Aim: This study was conducted to evaluate effect of magnesium sulfate on controlling blood pressure during septorhinoplasty.

Materials and methods: In this double-blind randomized clinical trial study, 60 patients aged 18-50 years with ASA class I and II, underwent septorhinoplasty. They were randomly divided into two groups: magnesium sulfate (M) and control (C). In Group M, diluted magnesium sulfate (50%) (40 mg/kg in 100 ml of normal saline) was infused intravenously in 10 minutes, prior to the induction of general anesthesia then followed by 15 mg/kg/hr administration during surgery. In Group C, same volume of normal saline 0.9% was infused.
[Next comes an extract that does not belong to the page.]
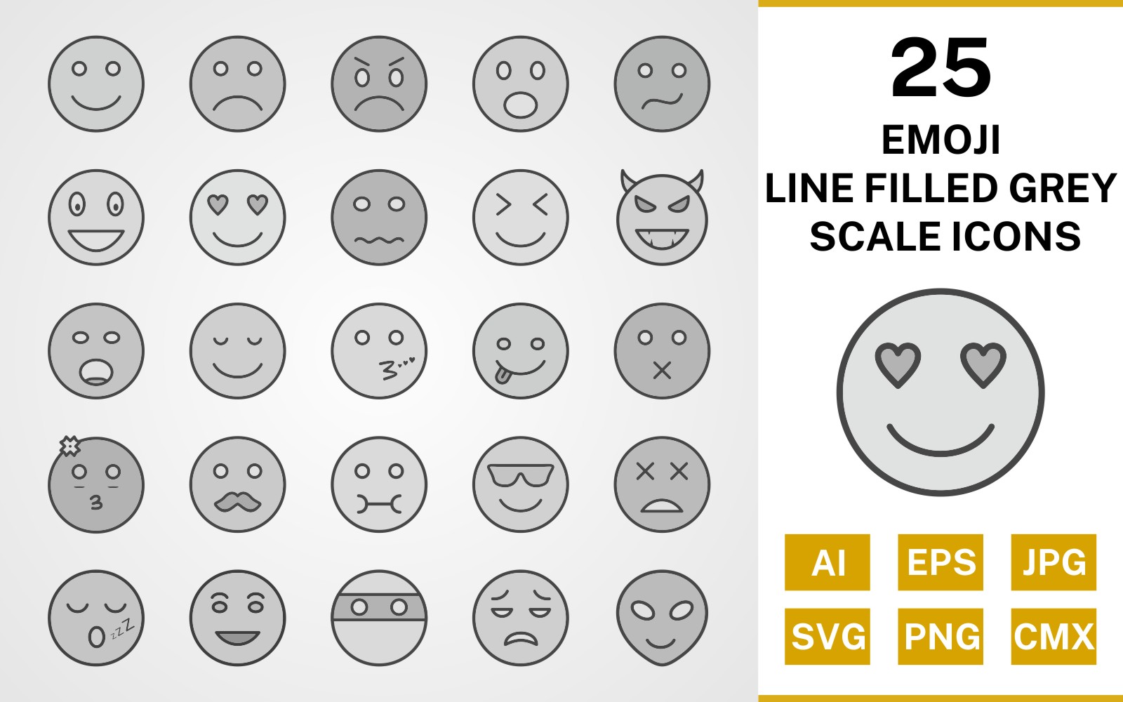 Download Набор иконок "25 Emoji Line Filled Greyscale Icon Set" / 25 Emoji Line Filled Greyscale Icon Set - Набор иконок на тему social media set,file,icon,icons,line,filled,vector,sign,symbol,pictogram,greyscale,emoji,happy,sad,lol,alien,kiss,wink,nervous,calm

Anesthesia was conducted through intravenous infusion of propofol (50 μg/kg/min) and remifentanil (0.1 μg/kg/min) for all. The mean arterial pressure was maintained 60-65 mm Hg mm Hg by injection of nitroglycerine (25-50 μg/min), if needed. Data was analyzed considering significant p<0.05.

Results: Most of participants were female (55 persons-91.7%). Mean length of surgery was 72.2 ± 14.8 min. Over 76% of controls (23 patients) needed to nitroglycerin infusion, while to none of magnesium receivers, nitroglycerin was delivered (p=0.001). Although, mean heart rate was different significantly between two groups prior to anesthesia induction (p=0.002), but its changes between two groups were not obvious at any other time of measurements. The incidence of pain feeling also was significantly lower in magnesium receivers in recovery room. There was no significant difference in amount of bleeding and surgeon satisfaction between groups.

Conclusion: Magnesium sulfate seems to be effective in inducing hypotension and accompanied with lower postoperative pain.